Lastly we consider how some escorting policies construct personal boundaries to enhance the provider’s comfort and, we theorize, her profitability. Choices such as the exclusion of broad categories of clients (such as young men, for example, or new comers to the escort market) can be understood as a rational choice not necessarily based on idiosyncratic personal preference, but a business strategy to attract more mature and experienced clients who have the means to spend generously on extended dates, are socialized into the norms of this type of exchange, and treat the escort well.
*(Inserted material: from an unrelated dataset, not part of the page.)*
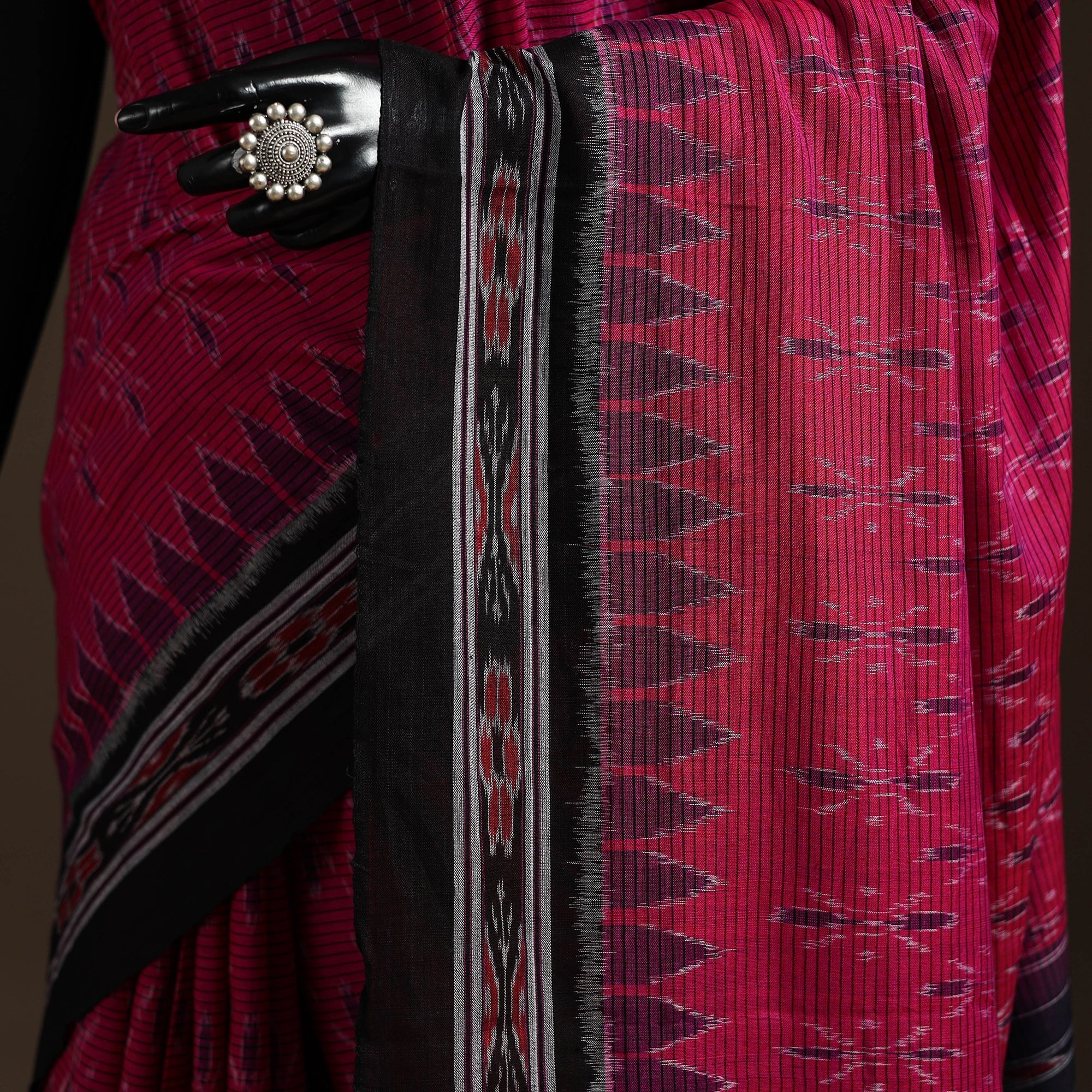 Pink handloom sambalpuri cotton saree is woven by skilled artisans from Odisha using the traditional Ikat technique, where the threads are dyed before weaving to form the patterns on the fabric. Known for its cultural identity, Sambalpuri weave often features motifs inspired by the region’s traditions, including shells, wheels, and geometric shapes. Lightweight and easy to drape, this saree is perfect for everyday comfort as well as festive occasions.

In closing, we argue that the analysis of liminal markets provides a particularly enticing approach to understanding diverse manifestations of market morals. There are few better arenas to do so than with new online communities organized and monetized around boundary crossing sexual services and interactions. Elite online escorts provide a rich site of analysis of the relationship between market and sex-based liminality, and the ways in which business practices simultaneously reinforce both morality and immorality, and legality and vice.